Available data ▸
↓

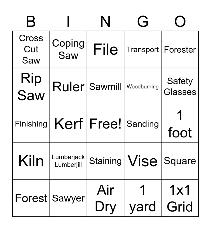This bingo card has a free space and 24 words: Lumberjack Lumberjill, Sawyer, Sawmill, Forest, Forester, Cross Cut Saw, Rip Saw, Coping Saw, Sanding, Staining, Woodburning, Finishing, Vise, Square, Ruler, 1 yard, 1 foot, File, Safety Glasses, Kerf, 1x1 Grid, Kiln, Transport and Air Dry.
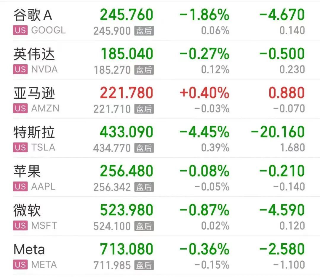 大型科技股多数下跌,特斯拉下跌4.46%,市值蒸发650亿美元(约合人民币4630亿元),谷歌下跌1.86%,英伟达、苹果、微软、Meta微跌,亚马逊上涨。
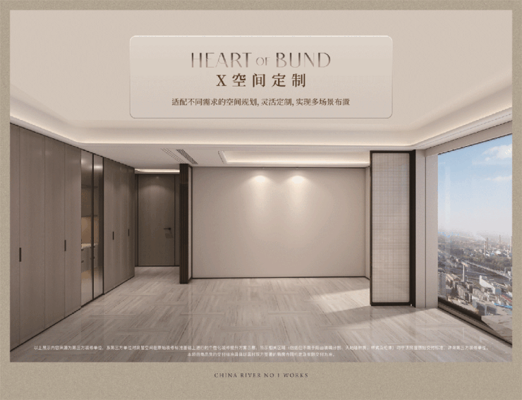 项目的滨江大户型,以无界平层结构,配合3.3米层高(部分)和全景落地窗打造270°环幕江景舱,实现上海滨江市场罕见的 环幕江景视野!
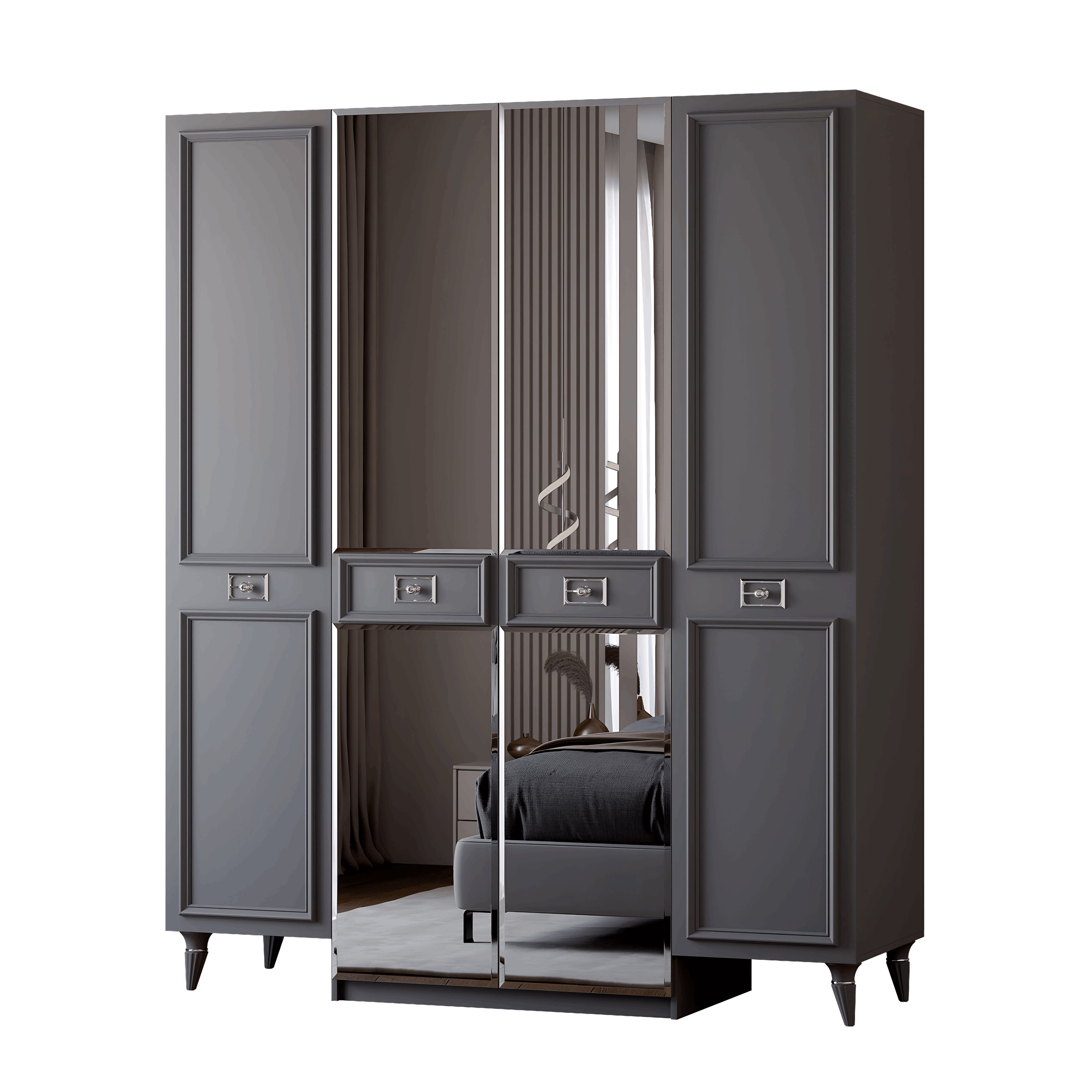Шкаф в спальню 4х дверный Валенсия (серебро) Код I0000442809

↑

Restate word for word, please, the line containing "项目的滨江大户型,以无界平层" and all lines after it through the end of the material; the pictures do not belong in the copy.

Task result ▸
 项目的滨江大户型,以无界平层结构,配合3.3米层高(部分)和全景落地窗打造270°环幕江景舱,实现上海滨江市场罕见的 环幕江景视野!
Шкаф в спальню 4х дверный Валенсия (серебро) Код I0000442809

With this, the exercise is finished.